Policy Option Pro Con
1. Quantatitive easing (buying up debts). Worked during the crisis. Holds down long-term borrowing costs. Hard to quantify effect, and may be less effective when markets are not under stress. Markets may worry about whether the Fed can safely exit its investments. Inflation risk.
2. Communication (promising to keep rates low for longer, or until certain conditions are met). Should lower longer term interest rates. Promises cannot be binding, and conditions for raising rates may be hard to pin down.
3. Paying zero interest on banks’ excess reserves at the Fed. Interest rate cuts are well understood. The effect on borrowing costs would be small (0.1%-0.15%). A zero rate could undermine the functioning of money markets.
4. Targetting a higher inflation rate. Could help reverse a prolonged period of deflation (falling prices) like in Japan. Not popular at the Fed. Makes inflation expectations more uncertain. US is not in deflation, and the risk is rather low.

What option or combination is yet to be seen.  The monetary policy intervention will continue and it has to.  Lets hope the US can recover and that this will spread onto Europe, which is not in great shape either.  As a global financial markets are facing challenging times.  There may be a positive spin-off to this bad news, if you are a borrower in New Zealand in terms of lower interest rates.  It is likely that the US medium and long term swap rates will stay at their current low rates for a significant period of time.
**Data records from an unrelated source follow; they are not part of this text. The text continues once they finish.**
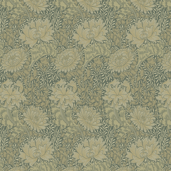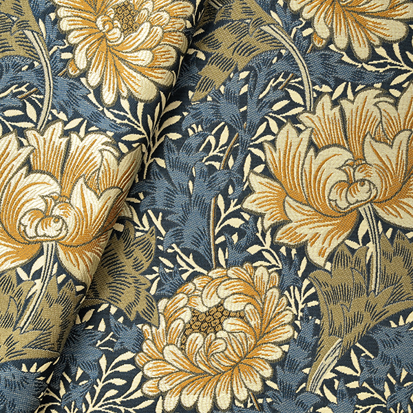 日本の花である菊にインスピレーションを受けて、1877年にウィリアム・モリスが壁紙としてデザインしました。メリハリのあるデザインを、染色・加工手法にこだわって表現し、ボリューム感を出しています。
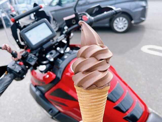 最近ハマってるチョコ味がかなりビターで濃厚なのです♪気温が34℃もあり、溶けました。
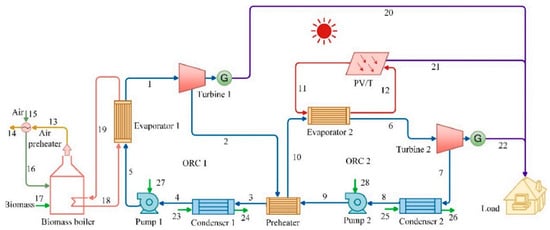- Calli, O.; Colpan, C.O.; Gunerhan, H. Energy, exergy and exergy and thermoeconomic analyses of biomass and solar powered organic Rankine cycles. Int. J. Exergy 2019, 29, 172. [Google Scholar] [CrossRef]
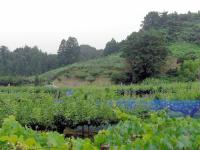 集落と周辺の里山に、手入れの行き届いた梨(なし)園が広がる。土蔵や生け垣などを備える落ち着いた家並みが山沿いに続く。
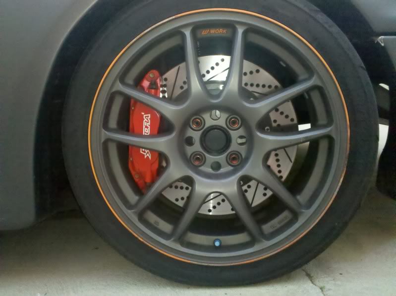 Also, if your really feeling froggy, .Ill consider selling the rims with the brakes so youll be able to rock these bad mamma jammas. Rims are 17" Work Emotion CR Kai. 4x100 bolt pattern. Not sure of offset, but all 4 are identical. Uses a good sized spacer in the back to make them flush like they are. All 4 rims have some mild curb rash. Could be repaired or covered up if you redid the pin striping on them. Never bothered me. Front tires are DZ101s and the rears are 615ks. All with good life.
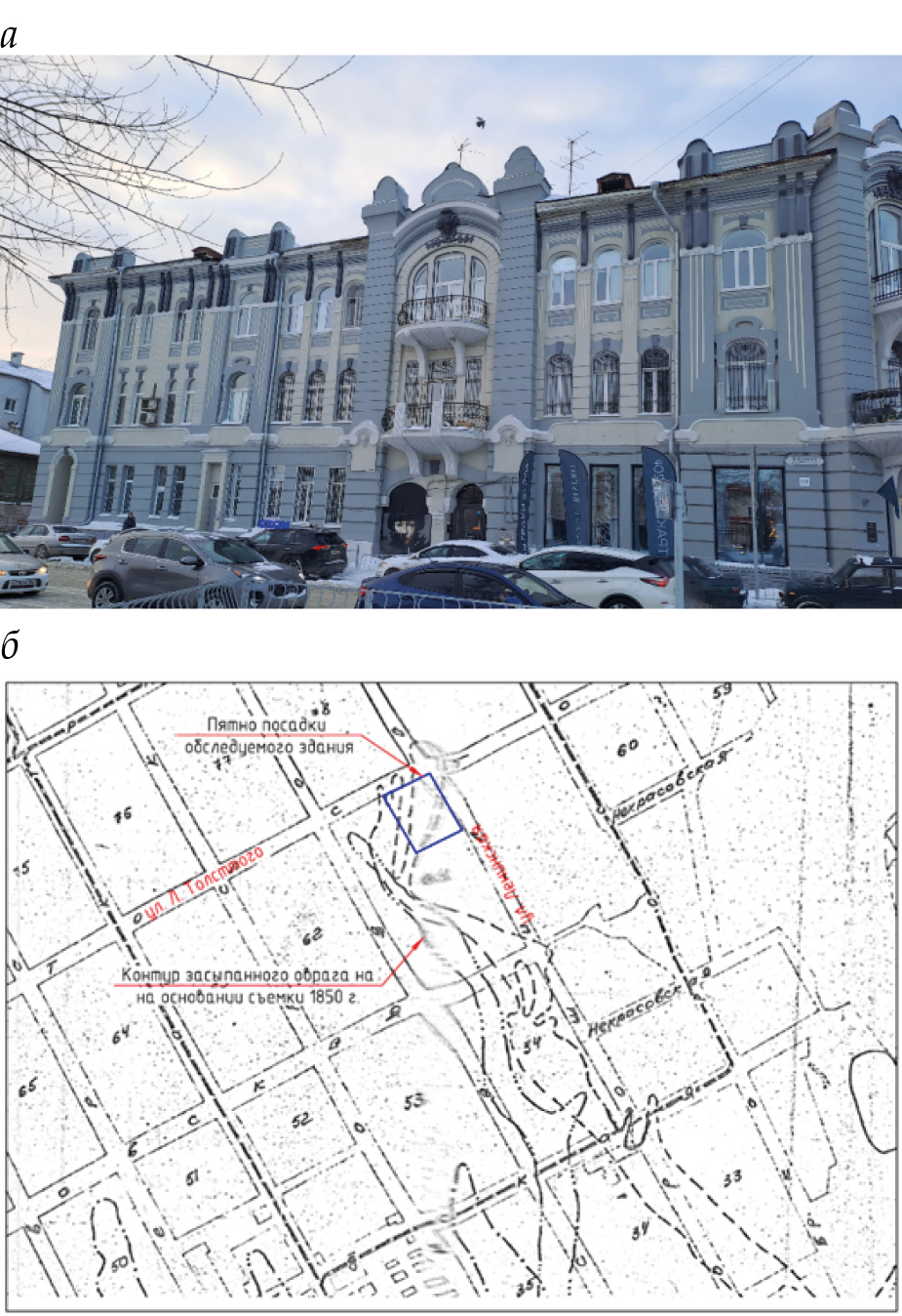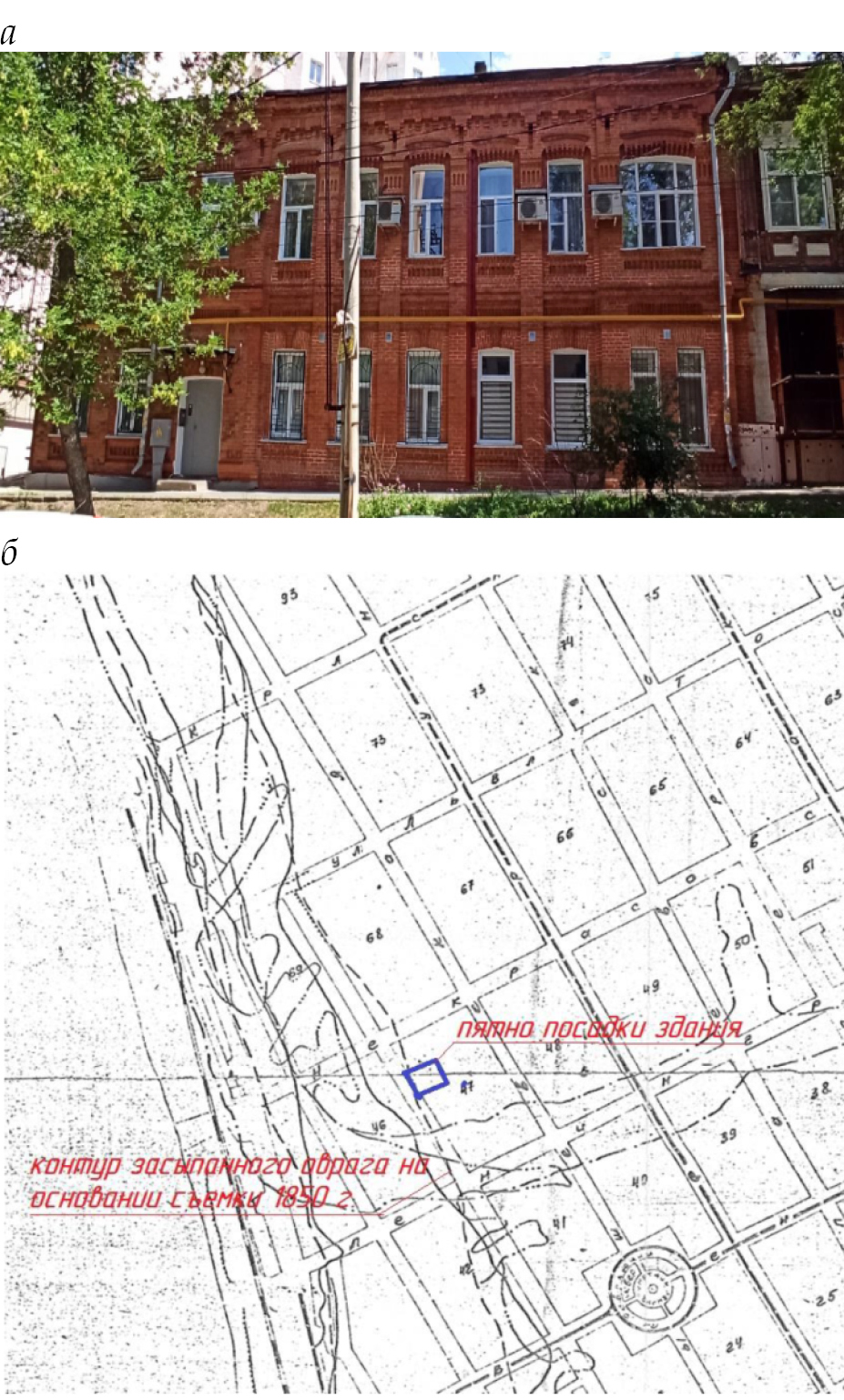 Рис. 15. Общий вид (а) и местоположение на схеме засыпанных оврагов (б) объекта 2 ‒ здание «Дом Филимонова»

There’s a lot happening with interest rates at present, with many severe interest rate movements.  Also I have heard financial commentators on the radio, read in newspapers and seen on TV about how interest rates are going up, interest rates are going down and interest rates are going to stay relatively stable.  This is causing confusion amongst many borrowers.

The thing is all the commentators may be right.  This is because there is no such as the one interest rate.  For example if you went to your lender to get a loan right now, if approved you would be offered the choice of a floating or fixed rate.  If you choose a fixed rate, you would be offered the chance to fix this for 6 months, 1 year, 2 years, 3 years, 4 years, 5 years and if you are with BNZ, you have the additional choice of a 7 year fixed interest rate for maximum certainty.  For my overseas readers, we sadly do not currently offer the 10, 15, 20, 25 and 30 year fixed interest loan periods that many other developed countries and in particular the USA have.  I am hoping for a 10 year fixed interest rate in the near future – but I got told by a leading banker that this is unlikely.

Current interest rates

Leading financial website Tarawera Publishing Limited lists all interest rates from their providers.  I would highly recommend all serious property investors bookmark their interest rates page:  http://www.mortgagerates.co.nz

The average floating rate across all major banks is a smidge over 6% (when acknowledging the Westpac Choices rate discount).  The fixed rates for when you lock in a certain defined interest rate for a set period of time, have a strong yield curve currently.  That is the rates of interest you pay as the length of time you fix go up sharply.  It has to be noted that this yield curve is now flattening (visually you can see this here).  Floating rates have gone up a bit, and the longer terms rate down a lot lately.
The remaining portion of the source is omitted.